Recently, I started teaching myself CE C and I need help detecting multiple keypresses. Here's my code:


Code:

int main(void)
{
    int cx = 1; // circle x position
    int cy = 1; // circle y position

    kb_key_t key;

    gfx_Begin();
    gfx_SetDrawBuffer();
    gfx_SetColor(7);

    do
    {
        kb_Scan();

        key = kb_Data[7];

        if (key == kb_Down)
        {
            cy++;
        }
        if (key == kb_Up)
        {
            cy--;
        }
        if (key == kb_Left)
        {
            cx--;
        }
        if (key == kb_Right)
        {
            cx++;
        }
        gfx_FillScreen(255);
        gfx_FillCircle(cx, cy, 10);
        gfx_SwapDraw();

    } while (kb_Data[6] != kb_Clear);

    gfx_End();

    return 0;
}


My goal is to get the green circle to move in 8 directions, but it currently only moves in 4 and when I press 2 keys at once, the circle stops moving. Any suggestions?
Since the keys you care about are all part of the same group, simply test for a combination of key values:

Code:
if (key == (kb_Down | kb_Left)) {
    cy++;
    cx--;
} // ...


The kb_* values are bits indicating the state of the named key, so it's perfectly valid to combine them in this way.
Thanks for the help, Tari. That makes a lot of sense!
Also, how would I test for a combination of key values in a different group?
I'm no expert in C, but for detecting a combination of keys across different groups, you can try something like this:

Code:
kb_Scan();
if (kb_IsDown(kb_KeyCos) && kb_IsDown(kb_KeyMul)) {
    // do something when the cosine and multiplication keys are pressed simultaneously
    // you can keep chaining more keys in the if statement's condition
}

There's probably a more elegant way of doing this. The CE toolchain's documentation has more information, including the names for the keys.
Idea
Actually...
There is a more elegant way of doing this: using variadic functions.

Code:
#include <stdarg.h>
#include <stdbool.h>

#include <graphx.h>
#include <keypadc.h>
#include <tice.h>

int are_keys_pressed(int num_keys, ...) {
    kb_Scan();
    va_list keys;
    va_start(keys, num_keys);
    for (int c = 0; c < num_keys; c++) {
        kb_lkey_t key = (kb_lkey_t) va_arg(keys, kb_lkey_t);
        if (kb_IsDown(key)) {
            continue;
        }
        // if a key is *not* pressed down, end the function early and return false
        va_end(keys);
        return false;
    }

    // if we got through all of the keys without returning false,
    // then we return true.

    va_end(keys);
    return true;
}

int main() {
    gfx_Begin();
    do {
        // if the math, sin, left bracket, 9, and subtraction keys are pressed all at the same time
        // turn the screen white
        // otherwise, keep the screen black
        if (are_keys_pressed(5, kb_KeyMath, kb_KeySin, kb_KeyLParen, kb_Key9, kb_KeySub)) {
            gfx_FillScreen(0xff);
        } else {
            gfx_FillScreen(0x00);
        }
    } while (!kb_IsDown(kb_KeyClear));
    gfx_End();
    return 0;
}

Tested this in CEmu and with my physical calc.

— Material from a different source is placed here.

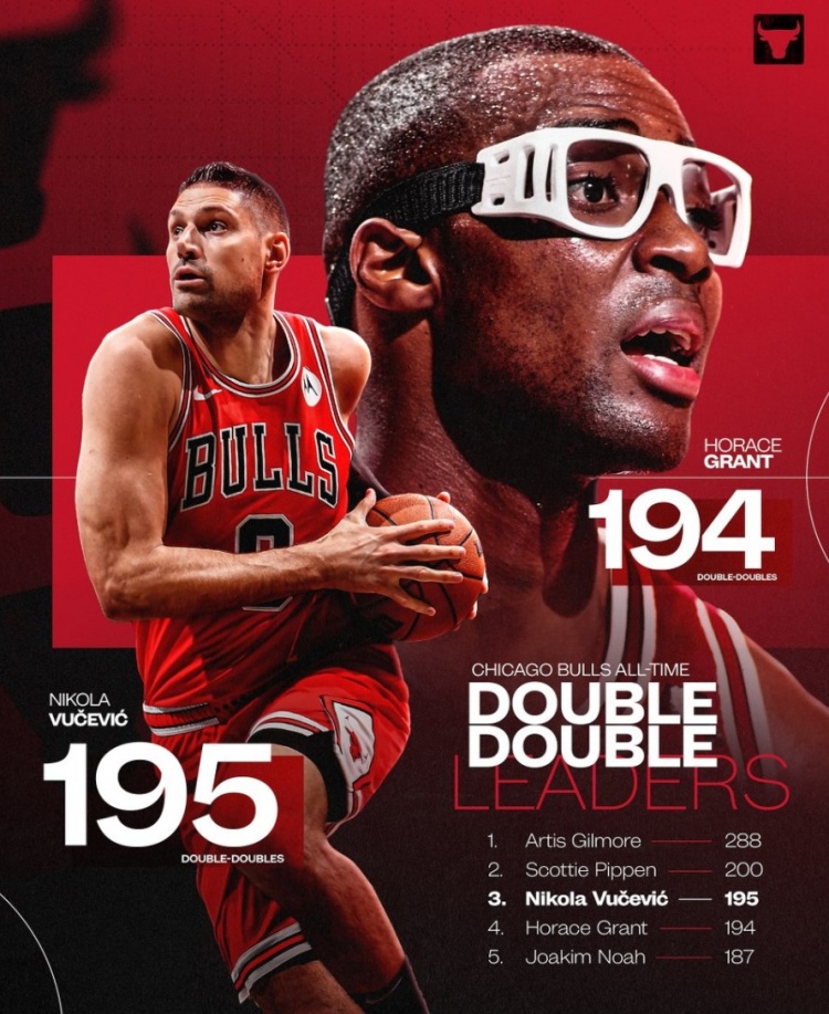 目前,武切維奇已經(jīng)得到了11分11籃板的兩雙數(shù)據(jù),他在公牛生涯的兩雙數(shù)來(lái)到195次,超越霍勒斯-格蘭特,上升至隊(duì)史第三位,僅次于皮蓬和阿蒂斯-吉爾摩爾。

Works like a charm. Very Happy
The code for the are_keys_pressed() function itself is pretty ugly. If I have the time, I'll see if I can turn this into a more maintainable snippet.
Other than that, just pass the number of keys you wish to detect, and then the long values of the keys (note that they start with "kb_Key", not "kb_"), and the function will return true if and only if all of those keys are simultaneously pressed.

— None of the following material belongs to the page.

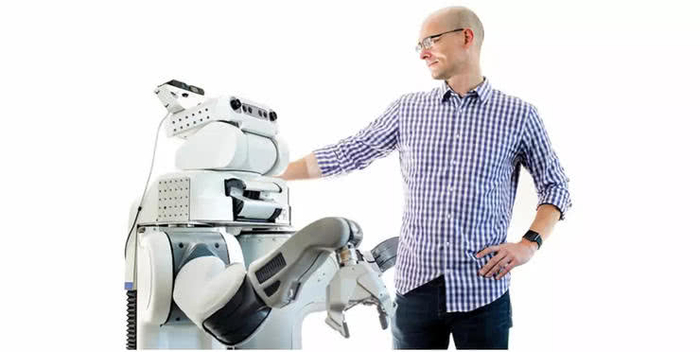 雷锋网注:上图为 Brett 机器人及其开发者Pieter Abbeel

On an interesting note: it was quite difficult to get the keys pressed in CEmu, because of the way my laptop keyboard is wired. (this article explains: https://www.sjbaker.org/wiki/index.php?title=Keyboards_Are_Evil) The calculator itself seems to have no problems with detecting simultaneous keypresses.
kb_Data[7] is a bitfield that contains one bit for each key in that group. So, if you're holding the down arrow, it would contain 0b0001 (1), if you're holding the left arrow, it would contain 0b0010 (2), and if you're holding both, it would contain 0b0011 (3).

I assume that you don't want to handle an "up-left diagonal" case separately from the up and left cases (which is what most of the other "solutions" are doing), but instead, want the up case to work regardless of which other keys are pressed.

The trivial solution to that is to change key == kb_Down to key & kb_Down. This does a bitwise and of the bitfield with the specific bit for the down key, so the rest of the bits get ignored.

Of course, the "idiomatic" solution is to avoid using kb_Data directly entirely and just use kb_IsDown. For example, instead of doing key == kb_Down, use kb_IsDown(kb_KeyDown).

If you do at some point want to require two keys to be held at the same time, you can just AND two kb_IsDown macros together, as Candledark mentioned.